Results of the Big ANN: NeurIPS'23 competition
Harsha Vardhan Simhadri, Martin Aumüller, Amir Ingber, Matthijs Douze, George Williams, Magdalen Dobson Manohar, Dmitry Baranchuk, Edo Liberty, Frank Liu, Ben Landrum, Mazin Karjikar, Laxman Dhulipala, Meng Chen, Yue Chen, Rui Ma, Kai Zhang, Yuzheng Cai, Jiayang Shi, Yizhuo Chen, Weiguo Zheng, Zihao Wan, Jie Yin, Ben Huang
TL;DR
The paper surveys NeurIPS 2023's Big ANN Challenge, which pushes practical ANN indexing and search across four workloads—filtered, out-of-distribution, sparse, and streaming—under constrained hardware. It details the tracks, datasets, evaluation framework, and submission protocol, and reports that top solutions significantly outperform industry baselines through graph-based indexing, quantization, and hybrid vector-metadata strategies. The competition demonstrates notable academic-industrial collaboration, reveals strengths and limitations of current approaches, and provides insights into future directions for robust, real-world ANN systems. An open-source framework and ongoing leaderboard are highlighted to sustain progress and reproducibility in the vector-search community.
Abstract
The 2023 Big ANN Challenge, held at NeurIPS 2023, focused on advancing the state-of-the-art in indexing data structures and search algorithms for practical variants of Approximate Nearest Neighbor (ANN) search that reflect the growing complexity and diversity of workloads. Unlike prior challenges that emphasized scaling up classical ANN search ~\cite{DBLP:conf/nips/SimhadriWADBBCH21}, this competition addressed filtered search, out-of-distribution data, sparse and streaming variants of ANNS. Participants developed and submitted innovative solutions that were evaluated on new standard datasets with constrained computational resources.

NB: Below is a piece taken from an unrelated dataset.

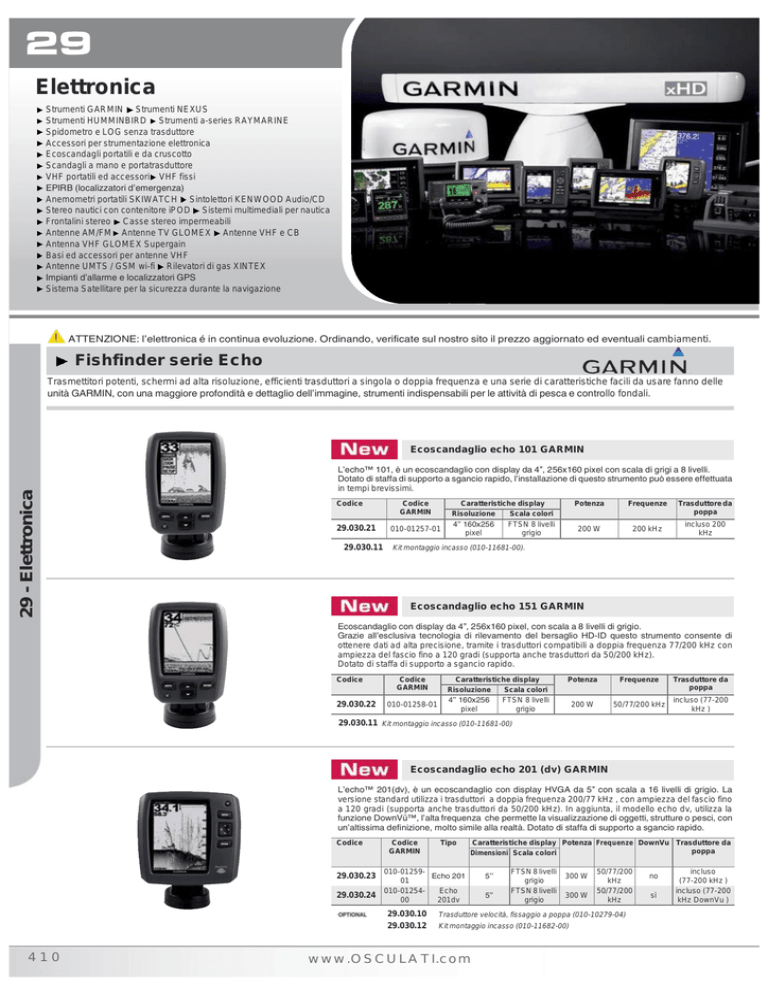 Elettronica Strumenti GARMIN Strumenti NEXUS Strumenti HUMMINBIRD Strumenti a-series RAYMARINE Spidometro e LOG senza trasduttore Accessori per strumentazione elettronica Ecoscandagli portatili e da cruscotto Scandagli a mano e portatrasduttore VHF portatili ed accessori VHF fissi EPIRB (localizzatori demergenza) Anemometri portatili SKIWATCH Sintolettori KENWOOD Audio/CD Stereo nautici con contenitore iPOD Sistemi multimediali per nautica Frontalini stereo Casse stereo impermeabili Antenne AM/FM Antenne TV GLOMEX Antenne VHF e CB Antenna VHF GLOMEX Supergain Basi ed accessori per antenne VHF Antenne UMTS / GSM wi-fi Rilevatori di gas XINTEX Impianti dallarme e localizzatori GPS Sistema Satellitare per la sicurezza durante la navigazione PM ATTENZIONE: lelettronica é in continua evoluzione. Ordinando, verificate sul nostro sito il prezzo aggiornato ed eventuali cambiamenti. Fishfinder serie Echo Trasmettitori potenti, schermi ad alta risoluzione, efficienti trasduttori a singola o doppia frequenza e una serie di caratteristiche facili da usare fanno delle unità GARMIN, con una maggiore profondità e dettaglio dellimmagine, strumenti indispensabili per le attività di pesca e controllo fondali. 29 - Elettronica Ecoscandaglio echo 101 GARMIN Lecho 101, è un ecoscandaglio con display da 4, 256x160 pixel con scala di grigi a 8 livelli. Dotato di staffa di supporto a sgancio rapido, linstallazione di questo strumento può essere effettuata in tempi brevissimi. Garmin Codice 29.030.21 29.030.11 Codice GARMIN Caratteristiche display Risoluzione Scala colori 010-01257-01 4 160x256 pixel FTSN 8 livelli grigio Potenza Frequenze 200 W 200 kHz Trasduttore da poppa incluso 200 kHz Kit montaggio incasso (010-11681-00). Ecoscandaglio echo 151 GARMIN Ecoscandaglio con display da 4, 256x160 pixel, con scala a 8 livelli di grigio. Grazie allesclusiva tecnologia di rilevamento del bersaglio HD-ID questo strumento consente di ottenere dati ad alta precisione, tramite i trasduttori compatibili a doppia frequenza 77/200 kHz con ampiezza del fascio fino a 120 gradi (supporta anche trasduttori da 50/200 kHz). Dotato di staffa di supporto a sgancio rapido. Garmin Codice 29.030.22 Codice GARMIN 010-01258-01 Caratteristiche display Risoluzione Scala colori 4 160x256 FTSN 8 livelli pixel grigio Potenza Frequenze 200 W 50/77/200 kHz Trasduttore da poppa incluso (77-200 kHz ) 29.030.11 Kit montaggio incasso (010-11681-00) Ecoscandaglio echo 201 (dv) GARMIN Lecho 201(dv), è un ecoscandaglio con display HVGA da 5 con scala a 16 livelli di grigio. La versione standard utilizza i trasduttori a doppia frequenza 200/77 kHz , con ampiezza del fascio fino a 120 gradi (supporta anche trasduttori da 50/200 kHz). In aggiunta, il modello echo dv, utilizza la funzione DownVü, lalta frequenza che permette la visualizzazione di oggetti, strutture o pesci, con unaltissima definizione, molto simile alla realtà. Dotato di staffa di supporto a sgancio rapido. Garmin Codice 29.030.23 29.030.24 Codice GARMIN Caratteristiche display Potenza Frequenze DownVu Trasduttore da poppa Dimensioni Scala colori 010-01259Echo 201 01 010-01254Echo 00 201dv 29.030.10 29.030.12 410 Tipo 5 5 FTSN 8 livelli grigio FTSN 8 livelli grigio 300 W 300 W 50/77/200 kHz 50/77/200 kHz Trasduttore velocità, fissaggio a poppa (010-10279-04) Kit montaggio incasso (010-11682-00) www.OSCULATI.com no sì incluso (77-200 kHz ) incluso (77-200 kHz DownVu ) Elettronica 29 Ecoscandaglio echo 301c GARMIN Lecho 301c, il più compatto della serie a colori, è un ecoscandaglio con display QVGA 3.5 ad alta risoluzione, che consente un rilevamento ottimale del fondo e dei pesci sia in bassi fondali che in acque profonde. Grazie allesclusiva tecnologia di rilevamento del bersaglio HD-ID questo strumento consente di ottenere dati ad alta precisione, tramite i trasduttori compatibili a doppia frequenza 77/200 kHz con ampiezza del fascio fino a 120 gradi (supporta anche trasduttori da 50/200 kHz). Dotato di staffa di supporto a sgancio rapido. Garmin Codice 29.031.21 Codice GARMIN Caratteristiche display Potenza Frequenze Trasduttore da poppa 010-01260-00 3,5 a colori 300 W 50/77/200 kHz incluso (77-200 kHz ) 29.030.10 Trasduttore velocità optional, fissaggio a poppa (010-10279-02) 29.030.11 Kit montaggio incasso (010-11681-00) Ecoscandaglio echo 501c GARMIN Eccellente ecoscandaglio con display a a colori QVGA da 5 ad alta risoluzione, che consente un rilevamento ottimale del fondo e dei pesci sia in bassi fondali che in acque profonde. 29 - Elettronica Grazie allesclusiva tecnologia di rilevamento del bersaglio HD-ID questo strumento consente di ottenere dati ad alta precisione, tramite i trasduttori compatibili a doppia frequenza 200/77 kHz con ampiezza del fascio fino a 120 gradi, oppure tramite i trasduttori da 50/200 kHz . Dotato di staffa di supporto a sgancio rapido. Garmin Codice 29.031.22 Codice GARMIN Caratteristiche display Potenza Frequenze Trasduttore da poppa 3,5 a colori 500 W 50/77/200 kHz incluso (77-200 kHz ) 010-01261-00 29.030.10 29.030.12 Trasduttore velocità, fissaggio a poppa (010-10279-02) Kit montaggio incasso (010-11682-00) Ecoscandaglio echo 551c (dv) GARMIN Lecho 551c(dv) è un ecoscandaglio a colori con display VGA 5 ad alta risoluzione, top della gamma echo di Garmin, che consente un eccellente rilevamento del fondo e dei pesci sia in bassi fondali che in acque profonde. Grazie allesclusiva tecnologia di rilevamento del bersaglio HD-ID questo strumento consente di ottenere dati ad alta precisione, tramite i trasduttori compatibili a doppia frequenza 200/77 kHz con ampiezza del fascio fino a 120 gradi, oppure tramite i trasduttori da 50/200 kHz. In aggiunta, il modello echo dv utilizza la funzione DownVü, lalta frequenza che permette la visualizzazione di oggetti, strutture o pesci, con unaltissima definizione, molto simile alla realtà. Dotato di staffa di supporto a sgancio rapido. Garmin Codice 29.031.23 29.031.24 Codice GARMIN Tipo Caratteri

The results showcased significant improvements in search accuracy and efficiency over industry-standard baselines, with notable contributions from both academic and industrial teams. This paper summarizes the competition tracks, datasets, evaluation metrics, and the innovative approaches of the top-performing submissions, providing insights into the current advancements and future directions in the field of approximate nearest neighbor search.